SUPPLIED RECORDS
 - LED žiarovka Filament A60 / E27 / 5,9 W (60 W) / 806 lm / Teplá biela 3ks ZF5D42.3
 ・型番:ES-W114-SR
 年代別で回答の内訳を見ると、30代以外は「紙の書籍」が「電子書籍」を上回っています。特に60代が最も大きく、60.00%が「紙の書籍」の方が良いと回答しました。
==
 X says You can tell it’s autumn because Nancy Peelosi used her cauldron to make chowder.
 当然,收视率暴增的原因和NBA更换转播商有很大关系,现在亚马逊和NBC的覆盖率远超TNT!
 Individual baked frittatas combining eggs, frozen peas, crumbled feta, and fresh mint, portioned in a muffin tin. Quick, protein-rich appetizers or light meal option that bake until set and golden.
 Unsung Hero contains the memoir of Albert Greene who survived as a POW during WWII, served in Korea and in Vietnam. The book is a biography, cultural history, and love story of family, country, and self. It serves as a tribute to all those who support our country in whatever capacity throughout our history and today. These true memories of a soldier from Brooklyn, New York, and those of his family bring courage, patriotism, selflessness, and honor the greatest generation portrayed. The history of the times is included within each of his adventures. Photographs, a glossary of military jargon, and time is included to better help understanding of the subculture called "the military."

WHAT IS BEING ASKED
In the listing above, find the line with "- LED žiarovka" and the line with "年代別で回答の内訳を見ると、". Output those two lines and every line between them, exactly as written.

WRITTEN ANSWER
 - LED žiarovka Filament A60 / E27 / 5,9 W (60 W) / 806 lm / Teplá biela 3ks ZF5D42.3
 ・型番:ES-W114-SR
 年代別で回答の内訳を見ると、30代以外は「紙の書籍」が「電子書籍」を上回っています。特に60代が最も大きく、60.00%が「紙の書籍」の方が良いと回答しました。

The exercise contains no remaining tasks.